═════ DATA FOR REVIEW ═════

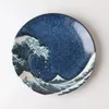 【中皿】富嶽三十六景のうつわ 神奈川沖浪裏 プレート 美濃焼 青富士
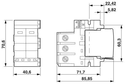 | Указание | Для защищенного от прикосновения монтажа в корпусе. В приложениях с UC > 500 В необходимо предусмотреть боковые зазоры и зазоры со стороны ввода проводников между токоведущими частями, а также между токоведущими и заземленными частями, не менее 5 мм. |
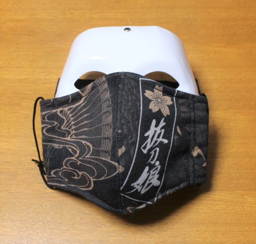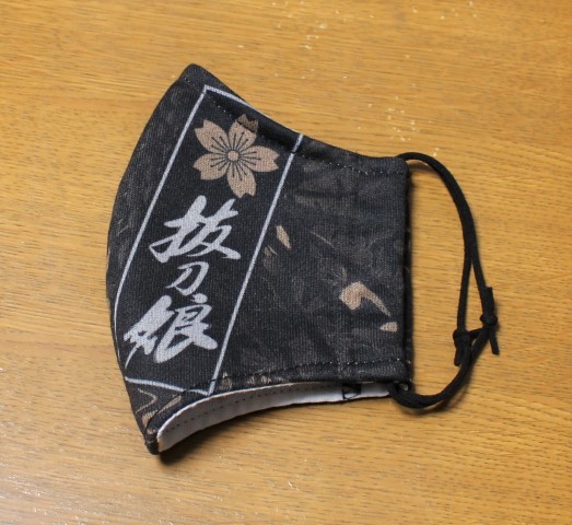 ハンドメイド立体マスクカバー♪(F)3抜刀娘字 共用 抗ウィルス.抗菌加工W ガーゼ
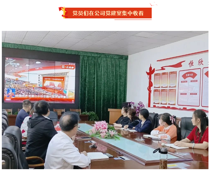 舉世矚目的中國共產(chǎn)黨第二十次全國代表大會于2022年10月16日上午在北京隆重開幕,湘潭恒欣實業(yè)股份有限公司黨支部組織黨員集中收看開幕會直播,并發(fā)動全體員工就近收看。
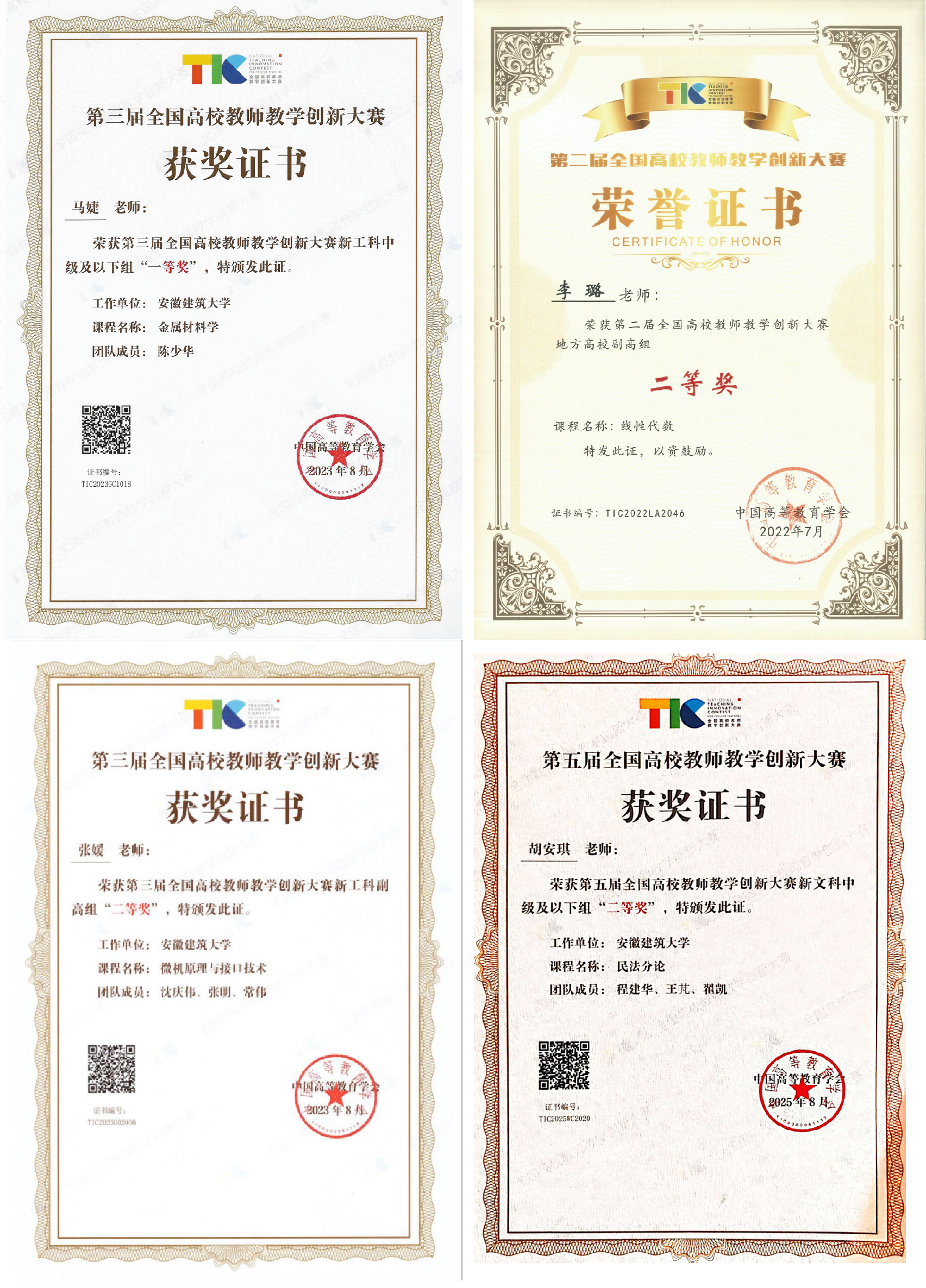 课程建设成果丰硕,2025年度获批第三批国家级一流本科课程10门,创历史新高,“十四五”期间共获批国家级一流课程17门,省级五类“金课”57门,积极探索“AI+教育”与案例库建设。教材建设与管理机制完善,获批省级教材建设项目27项,10门教材入选住房城乡建设领域学科专业“十四五”规划教材,获批立项安徽省首批“十四五”普通高等教育本科省级规划教材2项,数字教材4项,新编教材3项。优质教学资源供给能力持续增强。
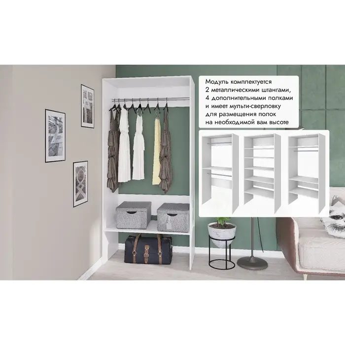 Вешалка модульной гардеробной системы «Модус», 2090×1000×520 мм, цвет белый
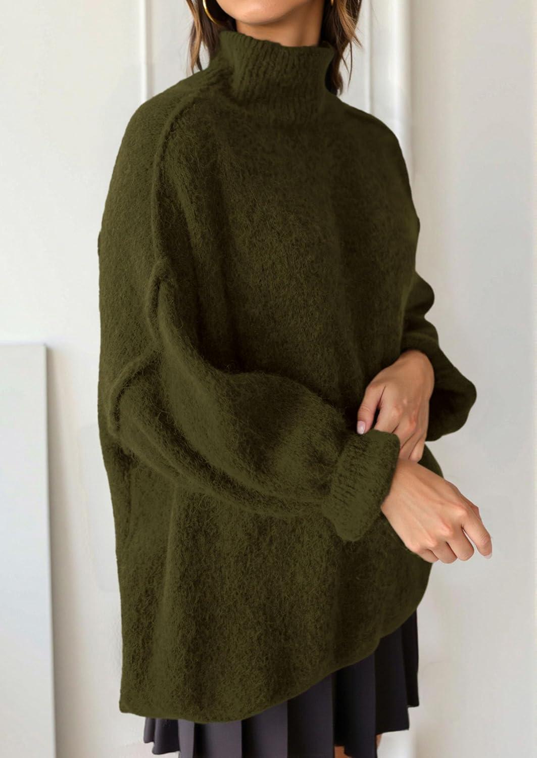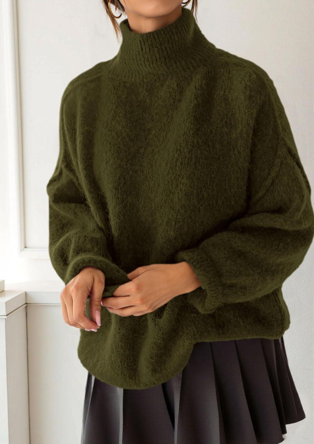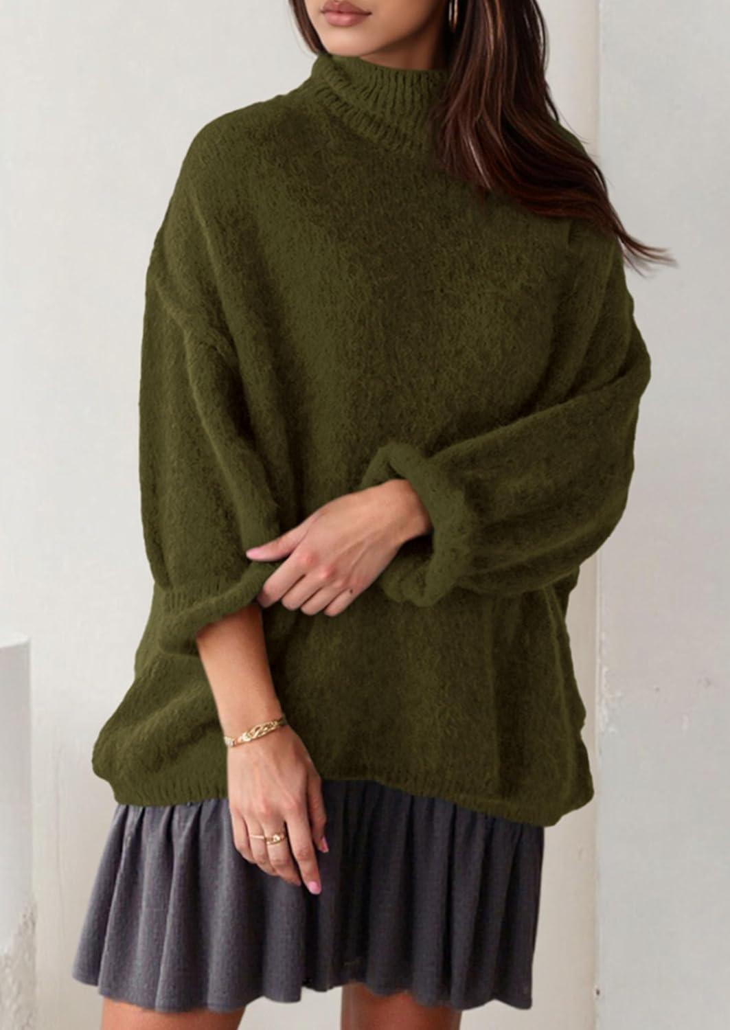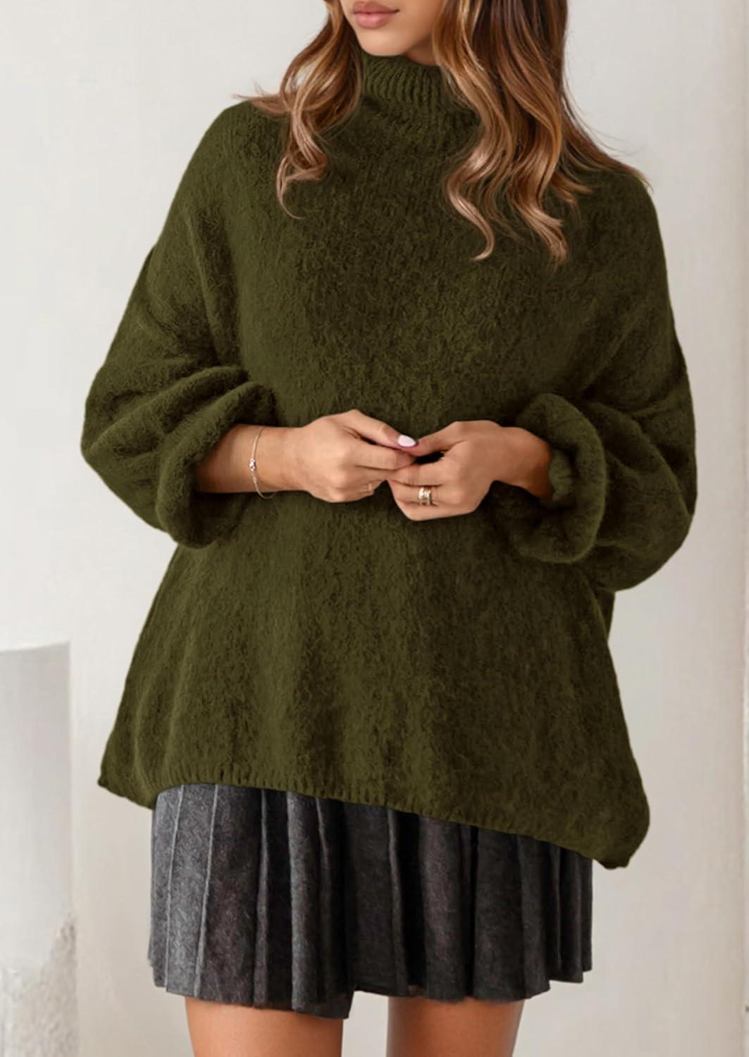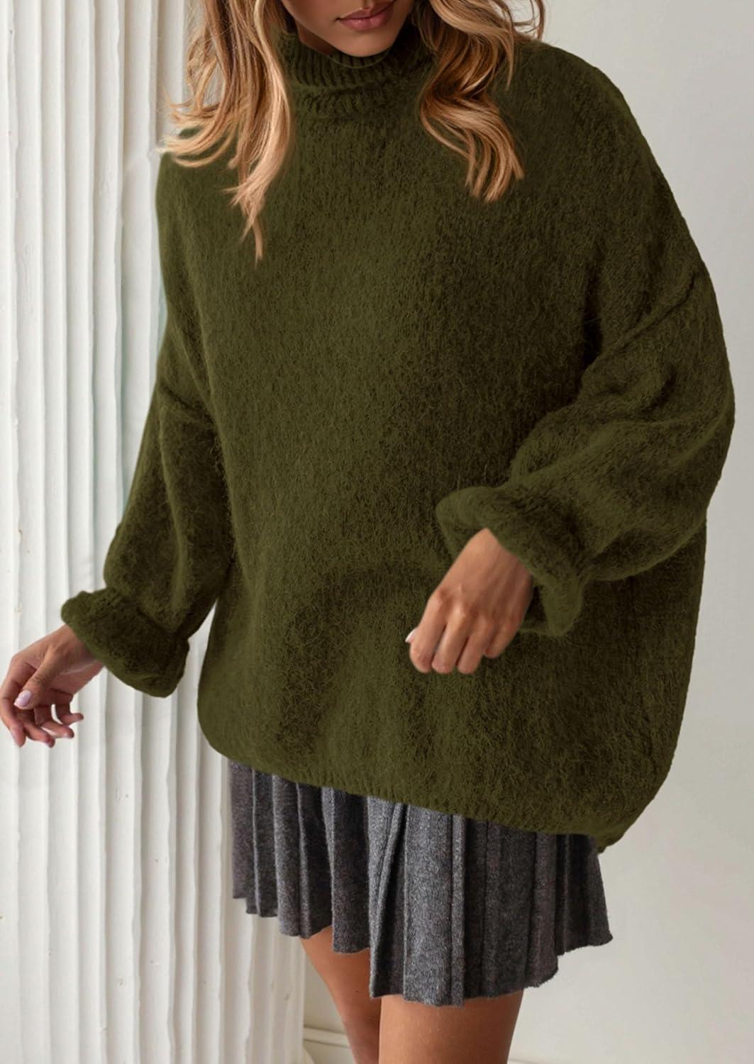 PRETTYGARDEN Oversized Sweaters for Women Fall Clothes 2025 Long Sleeve Mock Neck Tops Chunky Knit Pullover Winter Clothing(Army Green)

═════

• **WORK TO COMPLETE**
A faithful, word-for-word version of the records above is needed, with no images in it.

• **ANSWER AREA**
 【中皿】富嶽三十六景のうつわ 神奈川沖浪裏 プレート 美濃焼 青富士
 | Указание | Для защищенного от прикосновения монтажа в корпусе. В приложениях с UC > 500 В необходимо предусмотреть боковые зазоры и зазоры со стороны ввода проводников между токоведущими частями, а также между токоведущими и заземленными частями, не менее 5 мм. |
 ハンドメイド立体マスクカバー♪(F)3抜刀娘字 共用 抗ウィルス.抗菌加工W ガーゼ
 舉世矚目的中國共產(chǎn)黨第二十次全國代表大會于2022年10月16日上午在北京隆重開幕,湘潭恒欣實業(yè)股份有限公司黨支部組織黨員集中收看開幕會直播,并發(fā)動全體員工就近收看。
 课程建设成果丰硕,2025年度获批第三批国家级一流本科课程10门,创历史新高,“十四五”期间共获批国家级一流课程17门,省级五类“金课”57门,积极探索“AI+教育”与案例库建设。教材建设与管理机制完善,获批省级教材建设项目27项,10门教材入选住房城乡建设领域学科专业“十四五”规划教材,获批立项安徽省首批“十四五”普通高等教育本科省级规划教材2项,数字教材4项,新编教材3项。优质教学资源供给能力持续增强。
 Вешалка модульной гардеробной системы «Модус», 2090×1000×520 мм, цвет белый
 PRETTYGARDEN Oversized Sweaters for Women Fall Clothes 2025 Long Sleeve Mock Neck Tops Chunky Knit Pullover Winter Clothing(Army Green)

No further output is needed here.